The British defense contractor polled 221 Fortune 500 C-level execs and 984 IT leaders in eight countries around the world including the UK, US, Germany, Australia, Singapore and Canada.

Surprisingly, a third (35%) of executives said responsibility for managing a breach lies with IT, while half of the IT decision makers said the board should take charge.

That’s a concern, especially considering nearly three-quarters of IT leaders (72%) believe they’ll be targeted over the next year and the vast majority of both groups predict an increase in the number and severity of attacks.
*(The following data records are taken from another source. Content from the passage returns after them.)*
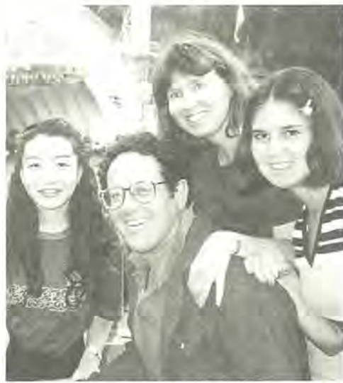
新しい家族もできました

柏市国際交流協会では、今年夏の夏に、姉妹都市「トランス市」(米国カリフォルニア州)へ派遣する青少年を募集します。
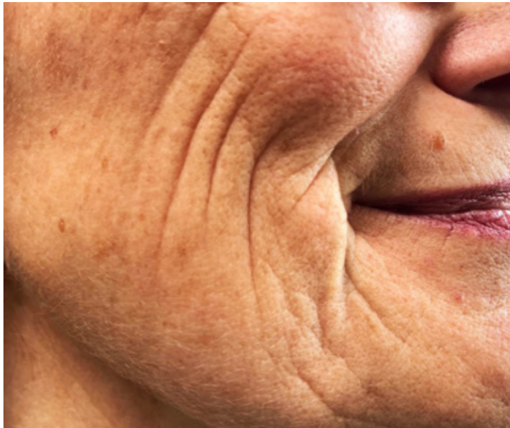
Workshopergebnis: Wie trotz man Altersstereotypen?
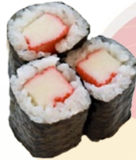
32. KANI KRABSTICK
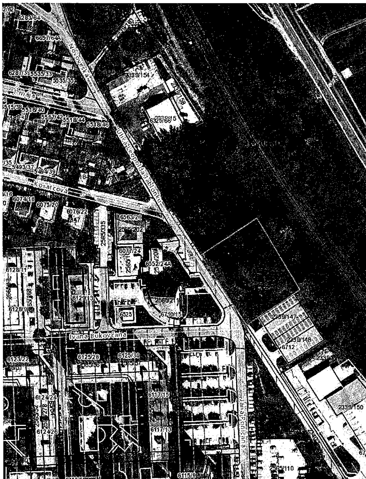
Parcela č. 2339/160
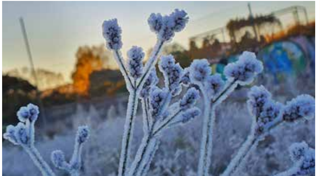
FRIO - Forte geada cobriu os automóveis, a vegetação no campo e até mesmo o telhado das casas na Serra Catarinense
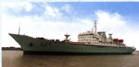
仅用144天完成中修改装的航天测量 船“远望4”号船。
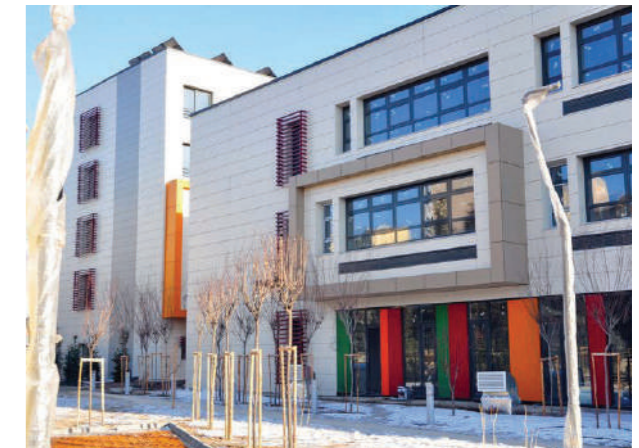
Proje İsmi : Cezeri Yeşil Teknoloji Mesleki ve Teknik Anadolu Lisesi Şehir : Ankara Yatırımcı : T.C. Milli Eğitim Bakanlığı Tarih : 2016
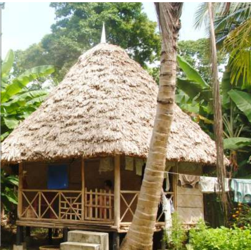
Uczestnicy wyprawy zorganizowanej przez Ilon Szymoniak mieszkali w takich wła nie chatkach bambusowych na wyspie Neill
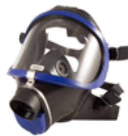
Maschera pieno facciale
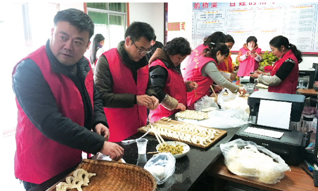
为营造邻里互助、团结友爱、温馨和谐的社区氛围,在寒冷的冬季社区孤寡老人、困难群众送去温暖,12月14日上午,浉河区马鞍社区联合共建单位市交通运输局组织志愿者开展“爱在冬天 情暖社区”志愿服务活动。图为志愿者为社区孤寡老人和困难群众包饺子。

通过此次道岔除雪演练,加强了职工行车安全意识,提高了全体职工在冬季遇到险情等突发事件时的应急处理能力,促进了冬季列车及调车作业的安全运行。
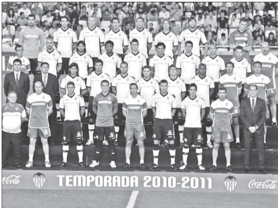
„Liliecii” vor juca cu „șepcile roșii” peste mai puțin de o lună

Este interesant faptul că Universitatea Cluj și Valencia CF au fost înființate în același an, 1919 și au aceleași culori: alb-negru. Clubul „lilieciilor” este al treilea în topul preferințelor iubitorilor de fotbal din Spania, fiind depășit doar de Real Madrid și FC Barcelona. Valencia este unul dintre puținele cluburi din Europa care a ajuns cel puțin în finală în toate cele trei competiții continentale. „Alb-negrii” iberici au câștigat Cupa Cupelor
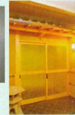
和室 Japanese Room
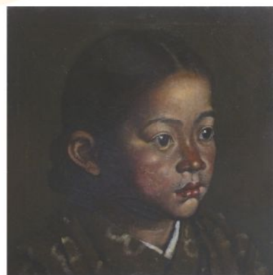
大沢 錠一郎 《童女》1920年作
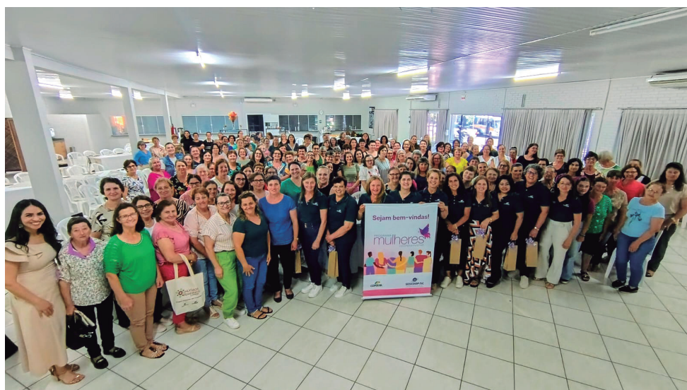
Concórdia - SC, dia 24 de novembro
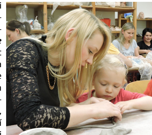
Tvoření s rodiči

Jsme zaměřeni na spolupráci a na práci v projektech. Každoročně pořádáme celostátní festival pěveckých sborů Hrajeme s Orffem . V roce 2014 projekt podpořil Kulturní fond Města Louny, Ústecký kraj a Nadace Život umělce. Spolu s občanským sdružením Stopy, o.s. jsme vydali knihu Louny město Louny , která vznikla na základě naší spolupráce se všemi lounskými základními školami. Projekt podpořilo Město Louny. Samostatně jsme vydali brožurku Melodie Loun . Spolupracujeme se všemi ZŠ a MŠ v Lounech, připravujeme pro ně různá vystoupení a projektové dny. Tvoříme s rodiči a Koncert spolu s rodiči je projekt školy, kde spolupracujeme s rodiči, kteří se spolu se svými dětmi aktivně zapojují do výuky. Česká mše vánoční J. J. Ryby je projekt společného koncertu v divadle, kde máme vždy pozvané hosty. Masopustní veselí je nadregionální akce spoluorganizovaná se Stopami, o.s. a Hydroclarem ve Skupicích u Postolopr. Projekt byl v roce 2014 podpořen Kulturním fondem města Louny a Ústeckým krajem. Velikonoce na statku byla v roce 2014 největší regionální akce spoluorganizovaná se Stopami, o.s. a Hydroclarem ve Skupicích u Postolopr. Cyklus koncertů k roku české hudby jsme spoluorganizovali se Stopami, o.s. a podpořil ho Kulturní fond města Louny, Ústecký kraj a Nadace Život umělce. Záštitu nad galakonzertem převzal hejtman Ústeckého kraje. Součástí projektu Rok české hudby bylo vydání vánočního CD a podpořil ho Státní fond kultury ČR.

Some 84% of the C-suite and 81% of IT teams are confident they have the right tools in place to defend against a cyber attack. Yet with a lack of clarity over roles and responsibilities in the inevitable event of a breach, the impact could escalate unnecessarily.

“The disconnect in opinions between C-level respondents and IT Decision Makers when it comes to potential threats, accountability and responsibility creates gaps for attackers to exploit,” argued BAE Systems Applied Intelligence managing director, Kevin Taylor.

“With regulatory fines starting to become a bigger issue, organizations need to plan ahead for successful incidents and ensure that the C-suite and IT teams are working together to narrow gaps in understanding, intelligence and responsibility.”

More concerning still are stats which reveal that while 82% of IT teams believe spending on cybersecurity is part of a comprehensive strategy, only half of the C-suite agree.

Increased spending on things like incident response could reduce dwell time and improve co-ordination efforts, minimizing the potential regulatory and financial fallout from an attack.

The latter could be significant, with estimated costs of a breach ranging from $11.6m to $19.2m – the former figure arrived at by C-level respondents and the latter by IT leaders.